Without a contagion tree and up-to-date mapping designing an effective containment policy is virtually impossible. New research in France on tissue samples of a dead patient who, having done no travelling abroad in the previous six months, checked into a hospital in December last year and was misdiagnosed with a common flu already casts doubt on the idea that the epidemic spread from China in February this year. Without an institutionalized medical emergency and research unit – a task force which, at least theoretically, could have been assembled out of the Civil Protection’s biohazards units, SMURD crews, the medical universities and institutes virology experts and excess hospital personnel – acting on the ground and pursing real-time analysis, nothing can be learned, no active policy response can be devised by continuously revising increments of new knowledge – in the end, no permanent solution can be found. Without proactive medical research, doctors and nurses can only grapple with symptoms. Without mass-scale testing and swift intervention isolating the sick from the healthy the contagion cannot be contained. And without high-quality and creative intensive care for the sick few will be saved. None of the above are or have been a priority for the Romanian authorities and therefore the response to the outbreak is, in relative terms, a failure. Instead of tents offering masks and individual testing, the Romanian population got billboards imperatively advising them to stay home and policemen giving fines to persons walking without a superfluous piece of paper stipulating where they are going. Instead of medical personnel – of whatever agency or uniform – in the street they got some American-style looking soldiers showing off their cars and guns in city squares. In short, instead of receiving medical assistance and reassurance from the state, the people were ordered around and scared in old fashion quasi-authoritarian style. The whole response was more form than substance, as if the government’s unpreparedness and lack of creative, effective, targeted policies had to be hidden behind overnight martial decrees and half-empty solemn declarations.
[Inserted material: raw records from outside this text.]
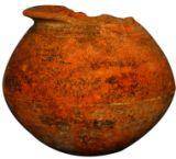 | Description / विवरण | Red ware pot with round base and globular body. Slightly carinated waist with sloppy shoulders, convex neck with splayed out externally thick flat rim. Partly broken rim. A prominent groove on the waist. Multiple grooves below the rim. |
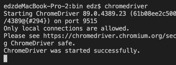 我的Python安装目录是“/Library/Frameworks/Python.framework/Versions/3.7/bin”,因此我就把“chromedriver” 放在这个目录中。放入之后,我就可以在命令行运行“chromedirver”。如果能够正确运行,则会提示运行成功。否则会提示找不到这条命令,你需要再检查一下它被存放的目录。正确运行的截图如下,供你参考。
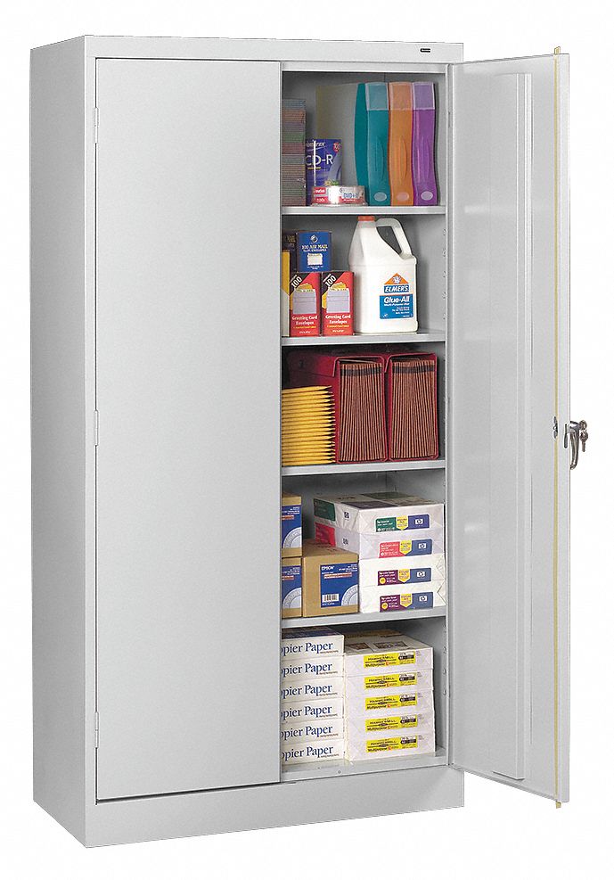 Tennsco s standard storage cabinets offer a quality construction three point door locking mechanism raised base and built in shelf support tabs.

In the end, the military can guard the hospitals until soldiers fall ill, people can stay locked inside until they have to be taken to the intensive care unit and, there, by chance, maybe a brilliant doctor or a dedicated nurse can make a difference in saving a life, but – in the absence of a coordinated medical-focused and research-based effort – no single doctor or a hundred doctors and nurses in general hospitals around the country can track the spread of the virus, gather or centralize all the data, isolate and systematically investigate all the samples or, even less, develop new treatments, drugs or vaccines and thus really put an end to the outbreak. 

Conclusion 

The lockdown policy cannot, obviously, last forever, without breaking down the whole social and economic structure. It is not a goal in itself. The Romanian economy is projected to contract by 6% this year following the COVID-19 supply shock, according to the European Commission. Unlike in the US, unemployment remains officially subdued for the moment, because a large part of the workforce is on paid leave or in “technical unemployment” – a legal concept in Romanian labour law designating a person who is still legally employed, but for independent reasons does not exercise the employment and is not paid the full salary; the Ministry of Public Finance plans to institute a moratorium on debts until the end of the year to prevent a debt crisis; and the National Bank of Romania lowered its interest rates by 0.5% to bolster credit lines and support demand. The artificial holiday is supposed to put a break on the contagion, and buy time to think up the next step in a sequence of events to eventually find a cure. It is doubtful that anyone in the Romanian Government, from top to bottom, has taken advantage of this more or less expedient policy to really think one step ahead. As the Western-oriented Romanian intelligentsia has always tacitly or implicitly thought, thanks God that Others will, willingly or not, think for the country as well!